婴孩似乎觉得痒,小鼻子微微翕动了一下,又眨了眨那双藏着碎星的眼睛。柳氏望着那漫天飞舞的花瓣,又低头瞧着儿子眉眼间的灵气,眼神渐渐变得恍惚,像是想起了什么,声音带着一丝缥缈:“方才生他时,我疼得厉害,意识都快散了,却似瞧见一星子,亮得晃眼,从屋顶钻进来,直直落进了屋里……如今又见这梨树开花,腊月里开梨花,从来没听说过的事……”她顿了顿,转头看向尹正,眼底满是郑重,“正哥,咱这孩子,怕是生来就不凡。
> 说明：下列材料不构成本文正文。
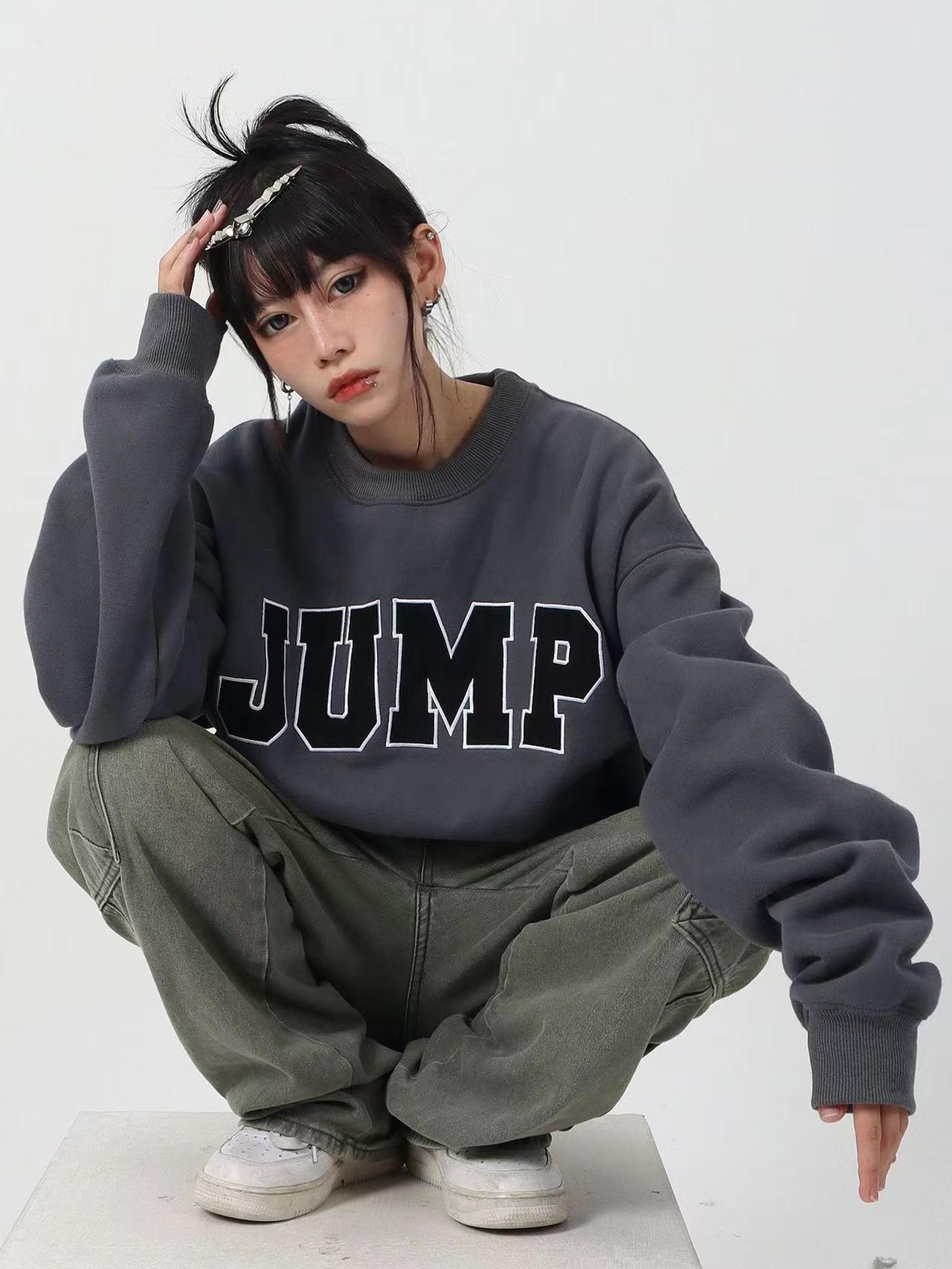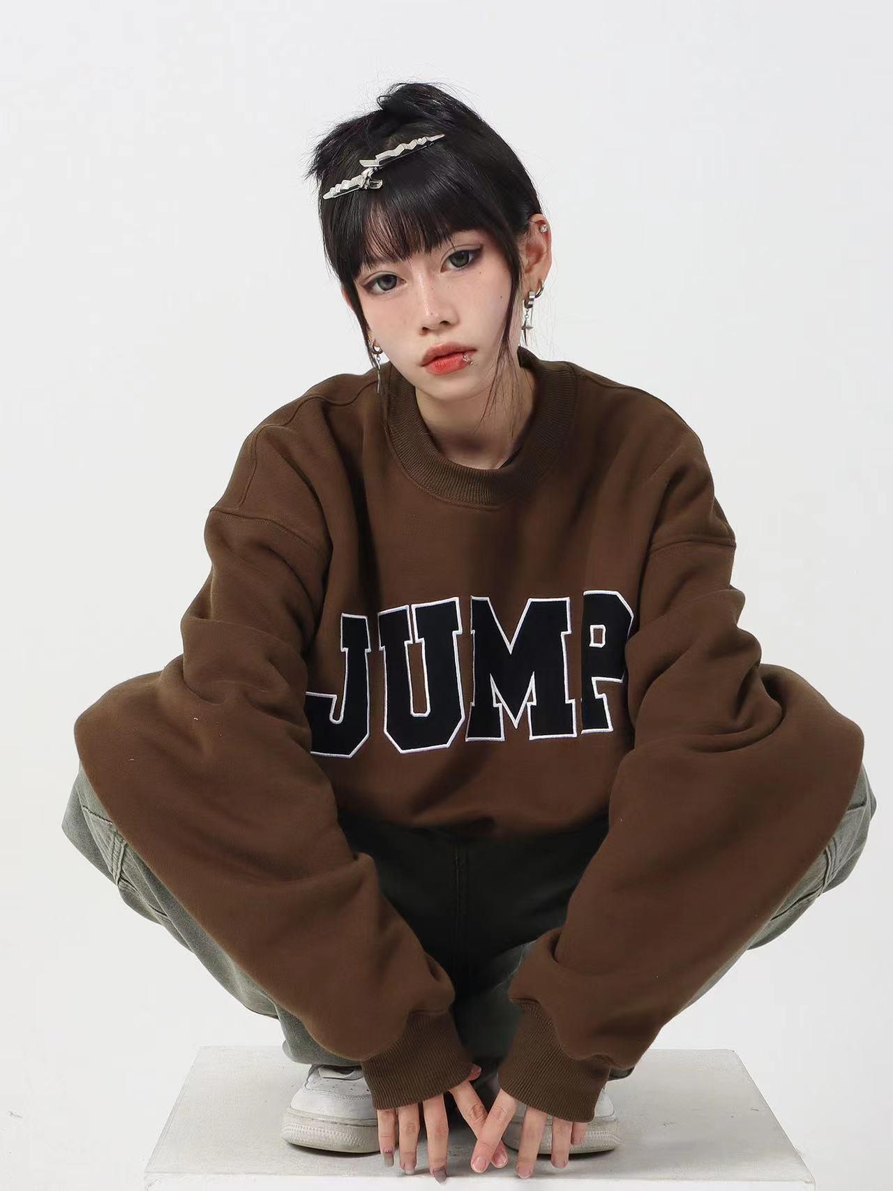今天穿什么 国潮牌美式复古麂皮绒贴布绣字母冬加绒宽松情侣圆领卫衣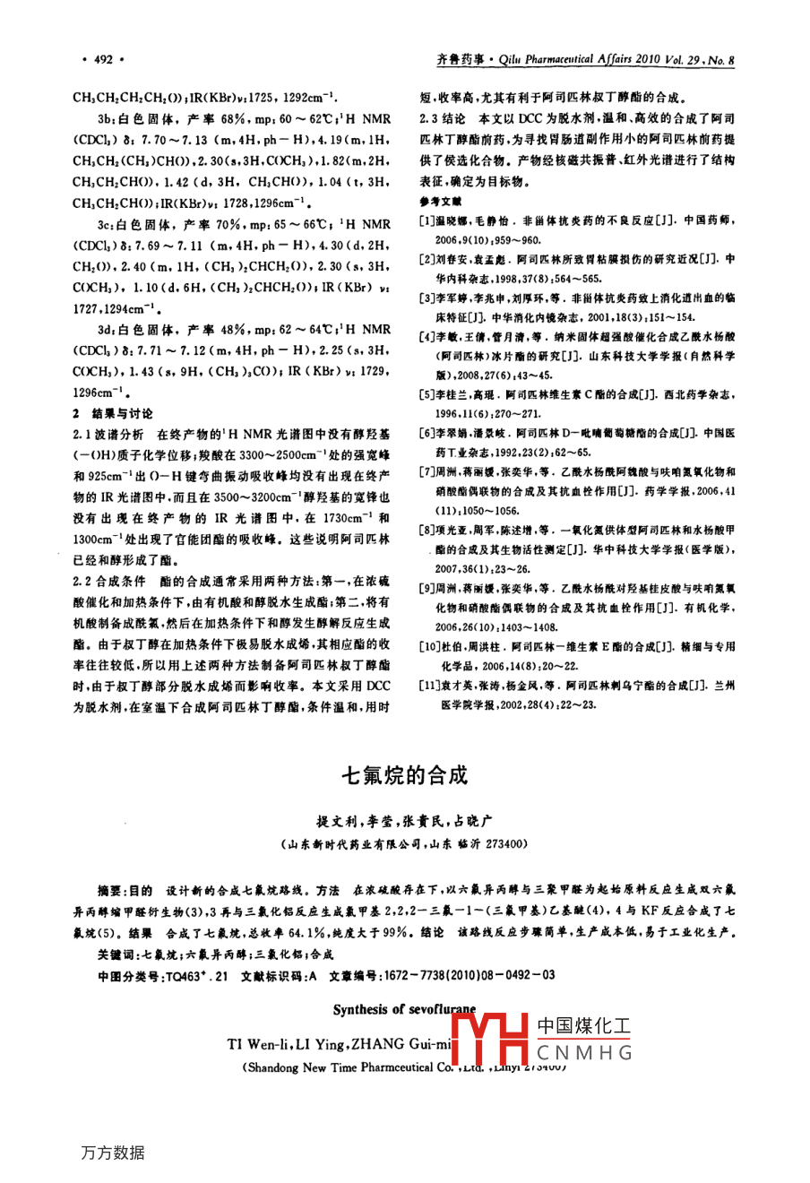 ●492●齊魯藥事●Qilu Pharmaceutical Affairs 2010 Vol. 29.No. 8CH,CH2CH2CH2(O) ;IR(KBr)v:1725, 1292cm-'.短.收率高,尤其有利于阿司匹林叔丁酵酯的合成。3b:白色固體,產(chǎn)率68%, mp: 60~ 62C;'H NMR2.3結論本文以DCC為脫水劑,溫和、高效的合成了阿司(CDCIL) 8; 7.70~7. 13 (m,4H, ph- H),4. 19(m, 1H. .匹林丁醇酯前藥,為尋找胃腸逍副作用小的阿司匹林前藥提CH,CH2(CH)CHO) , 2.30(s,3H,COCH).1.82(m,2H,供了侯選化合物.產(chǎn)物經(jīng)核磁共振普、紅外光譜進行了結構CH,CH2CHO), 1. 42 (d, 3H, CH.CH0), 1.04 (t, 3H,表征,確定為目標物。CH,CH2CH()) ;IR(KBr)v; 1728,1296cm-'.參考文獻3c:白色固體,產(chǎn)率70%。mp: 65~66C; 'H NMR[1]溫曉娜,毛靜怕。非甾體抗炎藥的不良反應[J].中國藥師,(CDCl)8:7.69~7.11 (m,4H, ph- H),4. 30(d, 2H,2006.9(10)r959~960.CH2(0), 2. 40 (m, 1H, (CH, ):CHCH20), 2. 30 (s, 3H,[2]劉春安,袁盂彪。阿司匹林所致胃粘膜損傷的研究近&[J].中華內(nèi)科雜志,1998,37(8) :564~565.COCH), 1. 10(d, 6H, (CH, )xCHCH20); IR(KBr) v:[3]李軍婷,李兆申,劉厚環(huán),等.非甾體抗費藥致上消化道出血的臨1727 ,1294cm^'.床特征[J].中華消化內(nèi)鏡雜志, 200118(3);151~ 154.3d;白色固體,產(chǎn)率48%, mp: 62 ~ 64C;'H NMR[4]李敏,王倩,管月清,等.納米固體超強酸催化合成乙酰水楊酸(CDCl)8:7.71~7. 12 (m,4H,ph - H),2. 25 (s, 3H,(阿司匹林)冰片酯的研究[J].山東科技大學學報(自然科學COCH), 1.43 (s, 9H, (CH, ),CO); IR (KBr) v; 1729,版),008.27(6),43~45.1296cm~'.[5]李桂蘭,高琨,阿司匹林維生素C脂的合成[J].西北藥學雜志,2結果與討論.1996.11(6):270~271.2.1波譜分析在終產(chǎn)物的'HNMR光譜圖中沒有醇羥基[6]李翠娟.潘景岐.阿司匹林D-吡晡葡萄糖階的合成[J].中國醫(yī)(-(H)質(zhì)子化學位移;羧酸在3300~2500cmI處的強寬峰藥T業(yè)雜志1992.23(2) :62~65.和925cm~出()-H鍵彎曲振動吸收峰均沒有出現(xiàn)在終產(chǎn)[7]周洲,蔣爾媛.張奕華,等。乙酰水楊酰阿魏酸與呋咱氳氧化鈞和物的IR光譜圖中.而且在3500~3200cm '醇羥基的寬鋒也硝酸酯偶聯(lián)物的合成及其抗血栓作用[J].藥學學報,2006,41(11);1050~ 1056.沒有出現(xiàn)在終產(chǎn)物的IR光譜圖中,在1730cm-' 和[8]項光亞,周軍,陳述增,等.一氧化氮供體型阿司匹林和水楊酸甲1300cm-1處出現(xiàn)了官能團酯的吸收峰。這些說明阿司匹林酶的合成及其生物話性測定[J].華中科技大學學報(醫(yī)學版),已經(jīng)和醇形成了酯。2007,36(1):23~26.2.2合成條件酯的合 成通常采用兩種方法:第一,在濃碗[9]周洲,蔣雨媛,張奕華,等。乙酰水楊酰對羥基桂皮酸與呋咱氮氧酸催化和加熱條件下,由有機酸和醇脫水生成酯;第二,將有化物和硝酸酯偶聯(lián)物的合成及其抗血栓作用[J].有機化學,機酸制備成酰氯,然后在加熱條件下和醇發(fā)生醇解反應生成2006,26( 10);1403~1408.酯。由于叔丁醇在加熱條件下極易脫水成烯,其相應酯的收[10]杜伯,周洪柱。阿司匹林-維生素E酶的合成[J].精細與專用率往往較低所以用上述兩種方法制備阿司匹林叔丁醇酯化學品,2006 ,4(8)20~22.時,由于叔丁醇部分脫水成烯而影響收率。本文采用DCC[11]袁才英,張濤,楊金風,等.阿司匹林刺烏寧酯的合成[J].蘭州為脫水劑在室溫下合成阿司匹林丁醉酯,條件溫和,用時醫(yī)學院學報,2002,28<4);22~23.七氟烷的合成提文利,李瑩,張貴民,占曉廣(山東斷時代藥業(yè)有限公司,山東臨沂273400)摘要:目的設計新的合成七氟烷路線。 方法在濃破酸存在下 ,以六氟異丙醇與三聚甲醛為起始原料反應生成雙六氟異丙醇縮甲醛衍生物(3),3再與三氯化鋁反應生成氯甲基2,2,2-三氟-1-(三氟甲基)乙基醚(4), 4與KF反應合成了七氟坑(5)。結果合成了七氟坑,總收率 64.1%,純度大于99%.結論該路線反應步驟簡單,生產(chǎn) 咸本低,易于工業(yè)化生產(chǎn).關鍵詞:七氟垸;六氟異丙醇;三氯化鋁;合咸中國分類號:T0463*.21文獻標識碼:A 文章編號:1672 - 7738(2010)08- 0492- -03Synthesis of sevoflurane中國煤化工T1 Wen-li,Ll Ying,ZHANG Gui-miCNMHG(Shandong New Time Pharmceutical Co. ,td ,Llnyi 2104U01●493●齊魯藥事. i Pemocrenial Aflain 2010 Yol 29.Ne8ASTRAC:OUECTvE To dein。oeo symheie route of solur METHODS Heloriopoal)formaldehyde deivatives (3)were sythenized from hexafluoriso propnol and metnformaldehyde in the presence of conentared oid of virioil .3 was cobined with Aluminun rchbride to produce clorometby- 2.2.2 uiuo 1- (iroetrethyl eher(),4was combined with ponsium luoride to produce svolurne(5).). RESULrS Seolurane were syhesired Theoeal yeid wa 64.1% and in puity w nore ha 9% CONCLUSION This sytheie route of srolurue hned tbe letures of simple poess,lower cost and idnriatioa marufecureKEY WORDS:Sevoflurane; Hexafluoroisopropanol;Aluminum素進行了考察。研究表明該方法成本低、反應條件溫和,并由于七氟烷具有快速失去知覺性與快速的恢復性這一e大規(guī)模工業(yè)化生產(chǎn)。當代吸入麻醉劑的理想特性,使它成為一種特別有效的吸入2實驗部分麻醉劑。目前已報道的七氟烷的合成方法主要有:美國專利2.1七氟烷的合成路線6100434報道了使用六氟異丙醇為原料,在無水三氧化鋁及三聚甲醛存在下生成氧甲基2.2.2-三氟-1-(三氟甲基)g.[ ryaaggo乙基醚,后者與金胸復化物以氟取代氟甲基的反應制備七氟paarare烷的方法I0.但該法存在下列技術難題:(1)反應過程為三F相反應,反應過程中固化,級難攪拌,從而造成后處理時易發(fā)生沖料現(xiàn)象,存在安全隱患(2)反應產(chǎn)物氟甲基2.2.2-三氟-1-(三氟甲基)乙基醚純度不高,雜質(zhì)較多。W(2008037039描述了以六氟異丙醇

”
尹正的心猛地一跳,他虽不懂什么星象祥瑞,却也知道腊月梨花盛开绝非寻常事。但他看着妻儿相依的模样,那份郑重很快被心疼取代。他俯身,用袖口轻轻擦去柳氏额角的薄汗,声音里满是坚定:“不管凡不凡,都是咱的孩儿。”他顿了顿,目光扫过窗外长势喜人的麦苗,又落回炕头的妻儿身上,一字一句,都像是在对天地起誓,“我尹正这辈子,就算豁出这条命,定护他母子二人平安顺遂,一世无忧。等他长大了,教他种地识字,让他做个踏实本分的人,平安过一辈子就好。”
柳氏听着丈夫朴实的承诺,眼眶一热,泪水又忍不住涌了上来,这次却是喜极而泣。她轻轻靠在尹正的胳膊上,目光温柔地凝望着婴孩:“就叫他凡儿吧,尹凡。愿他能平安喜乐,安稳度日。”
“尹凡,好名字!”尹正颔首应下,抬手轻轻将落在婴孩襁褓上的梨花拂去,指尖触到婴孩温热的肌肤,满心都是为人父的柔软,“咱的凡儿。”
话音刚落,夜色浓稠的天幕上,不知从何处透来一缕极淡的星辉。那星辉比月光更柔,比星光更亮,像一道银色的丝线,穿透了糊窗的麻纸,不偏不倚,恰好落在婴孩光洁的眉心。星辉在眉心一闪而逝,快得如同错觉,仿佛从未出现过。
屋中二人正沉浸在新生命降临的喜悦与对未来的期许里,未曾察觉这异样的一幕,只当是夜色里的天光,恰好漏了进来。尹正小心翼翼地抱起襁褓里的尹凡,动作笨拙却轻柔,生怕碰坏了这小小的人儿。尹凡似乎感受到了父亲的怀抱,又轻轻眨了眨眼,嘴角弯起一个浅浅的弧度,像是在笑。
窗外,梨花还在簌簌飘落,檐下的铜铃被风拂动,发出“叮铃叮铃”的清脆声响,风里的暖意,越来越浓了。柳氏靠在炕头,望着相拥的父子,脸上满是安稳的笑意,连日来的疲惫与焦灼,在此刻尽数烟消云散。